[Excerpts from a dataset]
= = = =
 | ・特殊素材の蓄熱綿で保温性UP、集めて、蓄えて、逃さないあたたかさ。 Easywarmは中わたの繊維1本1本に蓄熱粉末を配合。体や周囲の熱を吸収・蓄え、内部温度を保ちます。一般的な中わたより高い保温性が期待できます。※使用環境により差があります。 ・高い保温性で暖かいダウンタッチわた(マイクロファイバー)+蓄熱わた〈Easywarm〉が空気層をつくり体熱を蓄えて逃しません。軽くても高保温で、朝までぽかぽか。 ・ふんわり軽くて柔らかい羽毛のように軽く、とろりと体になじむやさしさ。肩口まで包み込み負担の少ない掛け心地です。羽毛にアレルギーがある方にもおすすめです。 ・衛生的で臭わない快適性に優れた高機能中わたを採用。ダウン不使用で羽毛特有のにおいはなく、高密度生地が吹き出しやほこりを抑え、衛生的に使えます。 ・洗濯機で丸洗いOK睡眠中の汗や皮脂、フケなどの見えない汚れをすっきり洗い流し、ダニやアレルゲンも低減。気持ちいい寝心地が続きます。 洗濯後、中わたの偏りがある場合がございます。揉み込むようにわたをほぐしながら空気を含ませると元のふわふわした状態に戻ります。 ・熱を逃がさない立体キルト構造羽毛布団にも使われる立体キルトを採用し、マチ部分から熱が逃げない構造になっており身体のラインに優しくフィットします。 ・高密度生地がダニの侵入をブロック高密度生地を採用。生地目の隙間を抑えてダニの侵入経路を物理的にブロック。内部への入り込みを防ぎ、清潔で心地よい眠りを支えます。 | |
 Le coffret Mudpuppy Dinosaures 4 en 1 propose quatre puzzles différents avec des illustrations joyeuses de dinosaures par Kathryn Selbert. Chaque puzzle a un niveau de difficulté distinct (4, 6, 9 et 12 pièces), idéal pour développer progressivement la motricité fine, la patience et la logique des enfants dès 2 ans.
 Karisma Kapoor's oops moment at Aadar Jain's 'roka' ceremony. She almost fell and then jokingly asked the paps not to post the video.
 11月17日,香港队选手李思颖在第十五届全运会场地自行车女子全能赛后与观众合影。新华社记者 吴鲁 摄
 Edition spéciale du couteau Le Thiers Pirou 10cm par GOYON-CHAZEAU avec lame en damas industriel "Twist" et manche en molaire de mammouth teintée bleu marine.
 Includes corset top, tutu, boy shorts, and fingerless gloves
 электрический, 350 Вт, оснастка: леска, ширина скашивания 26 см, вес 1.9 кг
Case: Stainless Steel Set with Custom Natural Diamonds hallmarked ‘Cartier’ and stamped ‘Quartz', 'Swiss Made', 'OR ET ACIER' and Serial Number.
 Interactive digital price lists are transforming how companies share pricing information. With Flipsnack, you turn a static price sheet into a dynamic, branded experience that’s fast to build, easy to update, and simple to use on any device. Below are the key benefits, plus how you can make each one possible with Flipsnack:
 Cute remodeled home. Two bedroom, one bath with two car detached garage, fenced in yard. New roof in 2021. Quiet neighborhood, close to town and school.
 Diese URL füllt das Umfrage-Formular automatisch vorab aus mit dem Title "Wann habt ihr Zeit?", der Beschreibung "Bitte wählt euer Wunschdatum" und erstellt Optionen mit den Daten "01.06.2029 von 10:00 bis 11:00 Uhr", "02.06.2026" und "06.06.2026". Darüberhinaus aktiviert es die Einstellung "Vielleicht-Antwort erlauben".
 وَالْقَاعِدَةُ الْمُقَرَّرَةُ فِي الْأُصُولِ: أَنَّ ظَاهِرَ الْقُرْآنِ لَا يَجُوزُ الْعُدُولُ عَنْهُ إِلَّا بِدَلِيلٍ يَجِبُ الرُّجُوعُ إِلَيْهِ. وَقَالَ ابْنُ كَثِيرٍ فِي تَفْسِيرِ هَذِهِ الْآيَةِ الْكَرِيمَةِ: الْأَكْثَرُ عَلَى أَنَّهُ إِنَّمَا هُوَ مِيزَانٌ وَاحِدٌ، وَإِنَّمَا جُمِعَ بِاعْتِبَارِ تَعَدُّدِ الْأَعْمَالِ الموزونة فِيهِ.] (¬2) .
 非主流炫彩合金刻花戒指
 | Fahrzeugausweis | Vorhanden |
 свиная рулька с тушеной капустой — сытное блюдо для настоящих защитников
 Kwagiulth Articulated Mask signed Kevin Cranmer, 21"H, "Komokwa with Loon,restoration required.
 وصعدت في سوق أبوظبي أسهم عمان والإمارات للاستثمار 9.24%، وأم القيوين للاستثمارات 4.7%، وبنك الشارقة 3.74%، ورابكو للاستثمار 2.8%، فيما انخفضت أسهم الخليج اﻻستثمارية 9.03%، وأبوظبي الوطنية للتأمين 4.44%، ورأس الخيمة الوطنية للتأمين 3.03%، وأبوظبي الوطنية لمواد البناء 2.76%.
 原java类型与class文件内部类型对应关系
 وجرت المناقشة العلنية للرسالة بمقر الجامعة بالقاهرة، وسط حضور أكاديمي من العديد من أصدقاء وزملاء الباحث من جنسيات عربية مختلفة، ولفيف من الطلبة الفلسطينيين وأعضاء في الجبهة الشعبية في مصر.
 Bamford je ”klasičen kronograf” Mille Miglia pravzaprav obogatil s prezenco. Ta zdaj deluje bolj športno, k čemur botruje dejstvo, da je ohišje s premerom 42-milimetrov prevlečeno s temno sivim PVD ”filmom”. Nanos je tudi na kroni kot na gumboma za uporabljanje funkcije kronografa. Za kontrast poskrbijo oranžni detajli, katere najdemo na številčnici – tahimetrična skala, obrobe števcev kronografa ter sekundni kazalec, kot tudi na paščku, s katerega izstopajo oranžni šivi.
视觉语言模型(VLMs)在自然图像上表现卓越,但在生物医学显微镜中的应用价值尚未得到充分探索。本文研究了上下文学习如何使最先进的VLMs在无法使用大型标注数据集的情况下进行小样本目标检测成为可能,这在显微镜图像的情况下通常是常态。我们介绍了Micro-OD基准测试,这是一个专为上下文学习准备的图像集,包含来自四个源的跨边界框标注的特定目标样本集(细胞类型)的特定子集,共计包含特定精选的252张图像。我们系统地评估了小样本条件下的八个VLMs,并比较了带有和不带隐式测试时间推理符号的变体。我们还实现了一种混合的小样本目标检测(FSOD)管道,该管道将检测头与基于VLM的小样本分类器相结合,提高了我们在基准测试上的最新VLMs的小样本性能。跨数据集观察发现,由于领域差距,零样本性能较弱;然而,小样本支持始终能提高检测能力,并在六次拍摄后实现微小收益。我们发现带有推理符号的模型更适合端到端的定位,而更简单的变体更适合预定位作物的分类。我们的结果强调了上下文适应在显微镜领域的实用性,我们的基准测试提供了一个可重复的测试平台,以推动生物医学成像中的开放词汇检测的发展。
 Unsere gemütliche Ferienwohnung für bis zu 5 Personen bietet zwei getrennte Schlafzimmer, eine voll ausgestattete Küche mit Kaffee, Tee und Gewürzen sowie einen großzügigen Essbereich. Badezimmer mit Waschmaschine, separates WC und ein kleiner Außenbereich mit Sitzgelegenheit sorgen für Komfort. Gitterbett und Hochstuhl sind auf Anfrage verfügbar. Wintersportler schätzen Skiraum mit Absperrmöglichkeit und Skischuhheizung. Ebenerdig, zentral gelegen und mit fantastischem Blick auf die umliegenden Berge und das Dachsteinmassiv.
= = = =
▶ [TASK BRIEF] Look back at the entries above and repeat, unchanged, every line from the line holding "Kwagiulth Articulated Mask" through the line holding "وجرت المناقشة العلنية".

▶ [ANSWER TO THIS TASK]
 Kwagiulth Articulated Mask signed Kevin Cranmer, 21"H, "Komokwa with Loon,restoration required.
 وصعدت في سوق أبوظبي أسهم عمان والإمارات للاستثمار 9.24%، وأم القيوين للاستثمارات 4.7%، وبنك الشارقة 3.74%، ورابكو للاستثمار 2.8%، فيما انخفضت أسهم الخليج اﻻستثمارية 9.03%، وأبوظبي الوطنية للتأمين 4.44%، ورأس الخيمة الوطنية للتأمين 3.03%، وأبوظبي الوطنية لمواد البناء 2.76%.
 原java类型与class文件内部类型对应关系
 وجرت المناقشة العلنية للرسالة بمقر الجامعة بالقاهرة، وسط حضور أكاديمي من العديد من أصدقاء وزملاء الباحث من جنسيات عربية مختلفة، ولفيف من الطلبة الفلسطينيين وأعضاء في الجبهة الشعبية في مصر.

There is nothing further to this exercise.